FPEdit: Robust LLM Fingerprinting through Localized Parameter Editing
Shida Wang 1,2, Chaohu Liu 1,2, Yubo Wang 1,2, Linli Xu 1,2
Published on arXiv
2508.02092
Model Theft
OWASP ML Top 10 — ML05
Model Theft
OWASP LLM Top 10 — LLM10
Key Finding
Achieves 95–100% fingerprint retention under both full-parameter fine-tuning and parameter-efficient adaptation while preserving downstream task performance.
FPEdit
Novel technique introduced
Large language models represent significant investments in computation, data, and engineering expertise, making them extraordinarily valuable intellectual assets.

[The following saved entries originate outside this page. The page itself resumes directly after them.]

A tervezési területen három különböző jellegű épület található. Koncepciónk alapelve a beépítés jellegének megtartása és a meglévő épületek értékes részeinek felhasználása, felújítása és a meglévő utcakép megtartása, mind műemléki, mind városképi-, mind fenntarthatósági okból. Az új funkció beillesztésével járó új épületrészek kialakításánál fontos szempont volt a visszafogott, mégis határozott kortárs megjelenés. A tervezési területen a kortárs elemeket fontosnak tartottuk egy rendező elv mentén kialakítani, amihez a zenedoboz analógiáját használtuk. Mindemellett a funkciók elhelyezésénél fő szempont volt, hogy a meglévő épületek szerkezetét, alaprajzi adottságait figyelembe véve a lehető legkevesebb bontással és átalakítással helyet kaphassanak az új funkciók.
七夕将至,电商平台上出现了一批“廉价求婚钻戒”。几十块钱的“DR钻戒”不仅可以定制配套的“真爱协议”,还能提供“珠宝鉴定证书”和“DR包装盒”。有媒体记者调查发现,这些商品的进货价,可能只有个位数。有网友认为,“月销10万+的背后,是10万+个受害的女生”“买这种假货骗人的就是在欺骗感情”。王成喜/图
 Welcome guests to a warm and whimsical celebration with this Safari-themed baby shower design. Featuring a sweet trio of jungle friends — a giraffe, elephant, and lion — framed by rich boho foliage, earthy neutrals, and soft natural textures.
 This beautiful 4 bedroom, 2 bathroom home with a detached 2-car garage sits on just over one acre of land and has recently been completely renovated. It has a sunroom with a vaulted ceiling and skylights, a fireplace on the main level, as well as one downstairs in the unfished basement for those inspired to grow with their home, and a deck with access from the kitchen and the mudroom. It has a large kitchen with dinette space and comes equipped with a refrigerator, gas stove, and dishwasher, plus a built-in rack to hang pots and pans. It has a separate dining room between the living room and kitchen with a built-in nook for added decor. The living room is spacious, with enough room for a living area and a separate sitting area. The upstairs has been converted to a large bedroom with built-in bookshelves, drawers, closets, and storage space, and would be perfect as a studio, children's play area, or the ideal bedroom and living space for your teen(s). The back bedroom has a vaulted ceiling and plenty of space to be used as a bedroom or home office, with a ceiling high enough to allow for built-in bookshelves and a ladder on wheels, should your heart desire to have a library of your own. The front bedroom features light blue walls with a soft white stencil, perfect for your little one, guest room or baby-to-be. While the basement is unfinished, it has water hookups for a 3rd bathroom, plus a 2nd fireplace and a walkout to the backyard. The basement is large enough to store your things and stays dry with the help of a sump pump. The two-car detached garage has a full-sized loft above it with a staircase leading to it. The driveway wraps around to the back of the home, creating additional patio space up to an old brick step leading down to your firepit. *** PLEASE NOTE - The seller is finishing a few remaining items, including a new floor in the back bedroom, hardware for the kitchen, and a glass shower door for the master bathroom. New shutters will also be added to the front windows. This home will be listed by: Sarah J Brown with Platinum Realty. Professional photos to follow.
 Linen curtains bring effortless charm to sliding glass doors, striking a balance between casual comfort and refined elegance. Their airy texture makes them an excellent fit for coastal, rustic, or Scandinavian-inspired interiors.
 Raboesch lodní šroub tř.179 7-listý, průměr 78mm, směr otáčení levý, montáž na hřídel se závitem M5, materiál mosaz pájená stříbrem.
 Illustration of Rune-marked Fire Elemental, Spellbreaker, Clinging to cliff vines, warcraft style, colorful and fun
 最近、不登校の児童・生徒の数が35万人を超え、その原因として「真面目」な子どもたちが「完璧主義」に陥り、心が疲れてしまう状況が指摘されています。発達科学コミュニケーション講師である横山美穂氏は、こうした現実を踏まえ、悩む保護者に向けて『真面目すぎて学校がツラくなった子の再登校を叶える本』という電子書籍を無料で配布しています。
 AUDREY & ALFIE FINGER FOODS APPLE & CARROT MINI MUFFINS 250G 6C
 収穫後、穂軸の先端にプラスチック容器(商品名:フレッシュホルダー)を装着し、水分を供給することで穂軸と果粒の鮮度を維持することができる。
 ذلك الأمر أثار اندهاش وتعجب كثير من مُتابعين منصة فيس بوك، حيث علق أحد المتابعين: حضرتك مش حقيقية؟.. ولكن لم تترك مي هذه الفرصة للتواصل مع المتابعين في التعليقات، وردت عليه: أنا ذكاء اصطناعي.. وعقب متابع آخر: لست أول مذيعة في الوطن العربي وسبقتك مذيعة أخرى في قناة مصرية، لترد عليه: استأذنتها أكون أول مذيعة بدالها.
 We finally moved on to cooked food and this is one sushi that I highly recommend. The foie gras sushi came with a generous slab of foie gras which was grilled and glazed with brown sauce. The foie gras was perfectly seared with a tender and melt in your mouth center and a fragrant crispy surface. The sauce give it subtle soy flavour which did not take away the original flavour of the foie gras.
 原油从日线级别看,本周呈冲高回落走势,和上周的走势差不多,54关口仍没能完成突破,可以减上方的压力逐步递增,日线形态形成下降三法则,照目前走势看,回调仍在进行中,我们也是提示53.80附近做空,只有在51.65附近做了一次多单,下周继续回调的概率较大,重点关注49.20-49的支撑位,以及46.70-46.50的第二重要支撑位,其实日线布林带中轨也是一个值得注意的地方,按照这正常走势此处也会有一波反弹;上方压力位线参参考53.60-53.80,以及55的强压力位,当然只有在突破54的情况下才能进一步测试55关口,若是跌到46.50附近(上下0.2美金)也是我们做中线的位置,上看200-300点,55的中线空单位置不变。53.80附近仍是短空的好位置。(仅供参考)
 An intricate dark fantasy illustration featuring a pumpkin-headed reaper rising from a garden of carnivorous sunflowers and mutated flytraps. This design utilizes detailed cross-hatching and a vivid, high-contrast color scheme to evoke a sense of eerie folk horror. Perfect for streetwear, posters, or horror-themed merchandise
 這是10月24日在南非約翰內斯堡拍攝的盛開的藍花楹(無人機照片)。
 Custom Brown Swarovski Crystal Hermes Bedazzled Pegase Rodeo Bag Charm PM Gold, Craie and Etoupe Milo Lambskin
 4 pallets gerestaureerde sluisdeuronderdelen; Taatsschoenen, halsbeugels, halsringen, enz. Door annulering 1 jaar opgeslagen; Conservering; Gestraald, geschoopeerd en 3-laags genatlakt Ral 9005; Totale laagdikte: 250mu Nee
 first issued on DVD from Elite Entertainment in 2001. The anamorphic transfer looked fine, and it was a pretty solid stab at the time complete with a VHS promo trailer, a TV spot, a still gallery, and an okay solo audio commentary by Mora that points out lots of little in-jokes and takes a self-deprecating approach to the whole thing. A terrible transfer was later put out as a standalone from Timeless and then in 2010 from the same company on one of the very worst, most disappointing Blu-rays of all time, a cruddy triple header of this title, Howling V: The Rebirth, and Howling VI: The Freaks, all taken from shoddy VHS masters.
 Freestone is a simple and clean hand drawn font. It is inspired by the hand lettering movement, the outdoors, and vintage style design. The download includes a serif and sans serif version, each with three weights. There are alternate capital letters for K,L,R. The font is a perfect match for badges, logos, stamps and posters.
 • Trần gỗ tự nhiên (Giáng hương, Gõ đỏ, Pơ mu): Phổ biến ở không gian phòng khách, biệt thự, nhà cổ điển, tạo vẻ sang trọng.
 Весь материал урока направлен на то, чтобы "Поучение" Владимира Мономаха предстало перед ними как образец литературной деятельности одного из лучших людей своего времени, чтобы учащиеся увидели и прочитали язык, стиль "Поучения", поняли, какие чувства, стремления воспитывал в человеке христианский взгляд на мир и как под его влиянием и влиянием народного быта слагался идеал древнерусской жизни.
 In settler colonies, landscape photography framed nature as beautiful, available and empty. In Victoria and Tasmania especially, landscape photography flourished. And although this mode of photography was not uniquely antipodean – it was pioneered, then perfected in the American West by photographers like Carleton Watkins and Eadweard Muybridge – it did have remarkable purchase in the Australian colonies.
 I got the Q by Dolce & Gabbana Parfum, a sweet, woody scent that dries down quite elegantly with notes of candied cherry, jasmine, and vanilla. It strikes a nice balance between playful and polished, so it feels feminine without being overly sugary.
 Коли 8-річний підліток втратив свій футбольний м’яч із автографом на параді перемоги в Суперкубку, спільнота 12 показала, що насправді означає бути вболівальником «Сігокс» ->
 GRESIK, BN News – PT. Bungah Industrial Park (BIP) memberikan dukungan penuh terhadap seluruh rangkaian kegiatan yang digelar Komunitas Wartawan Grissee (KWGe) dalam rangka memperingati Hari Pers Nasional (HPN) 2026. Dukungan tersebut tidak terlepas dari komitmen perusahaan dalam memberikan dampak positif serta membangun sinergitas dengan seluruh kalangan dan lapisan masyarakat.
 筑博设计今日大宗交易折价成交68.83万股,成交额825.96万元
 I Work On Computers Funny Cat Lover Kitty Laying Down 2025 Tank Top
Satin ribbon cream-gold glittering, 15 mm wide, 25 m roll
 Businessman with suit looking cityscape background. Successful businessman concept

Nevertheless, these AI assets remain vulnerable to unauthorized redistribution and commercial exploitation through fine-tuning or black-box deployment. Current fingerprinting approaches face a fundamental trade-off: intrinsic methods require full parameter access, while backdoor-based techniques employ statistically anomalous triggers easily detected and filtered by adversaries. To address these limitations, we introduce FPEdit, a novel framework that leverages knowledge editing to inject semantically coherent natural language fingerprints through sparse, targeted modifications to model weights. Our approach introduces Promote-Suppress Value Vector Optimization, which simultaneously enhances target token likelihood while suppressing competing tokens, ensuring robust fingerprint integration without degrading core model functionality. Extensive experiments show that FPEdit achieves 95-100% fingerprint retention under both full-parameter fine-tuning and parameter-efficient adaptation, while preserving performance on downstream benchmarks. Moreover, FPEdit remains robust under quantization, pruning, and stochastic decoding, and can embed 10 fingerprint pairs into LLaMA2-7B in under 2 minutes using less than 30 GB of GPU memory, which represents a substantial reduction in resource requirements. These advances establish FPEdit as the first fingerprinting approach to simultaneously achieve robustness against adaptation, resistance to detection, and preservation of model utility, thereby providing a minimally invasive solution for reliable provenance verification of large language models in adversarial deployment scenarios.
Key Contributions
- FPEdit framework using knowledge editing to inject semantically coherent natural language fingerprints via sparse, targeted weight modifications
- Promote-Suppress Value Vector Optimization that simultaneously enhances target token likelihood while suppressing competing tokens for robust fingerprint integration
- First fingerprinting approach achieving simultaneous robustness against full fine-tuning/PEFT, resistance to statistical detection, and utility preservation — embedding 10 pairs in LLaMA2-7B in under 2 minutes with <30 GB GPU memory
🛡️ Threat Analysis
FPEdit embeds fingerprints directly into model weights (not outputs) to prove ownership and detect unauthorized redistribution of stolen LLMs — this is the canonical ML05 model ownership watermarking use case. The defense is evaluated against fine-tuning, PEFT, pruning, and quantization as adversarial removal attempts.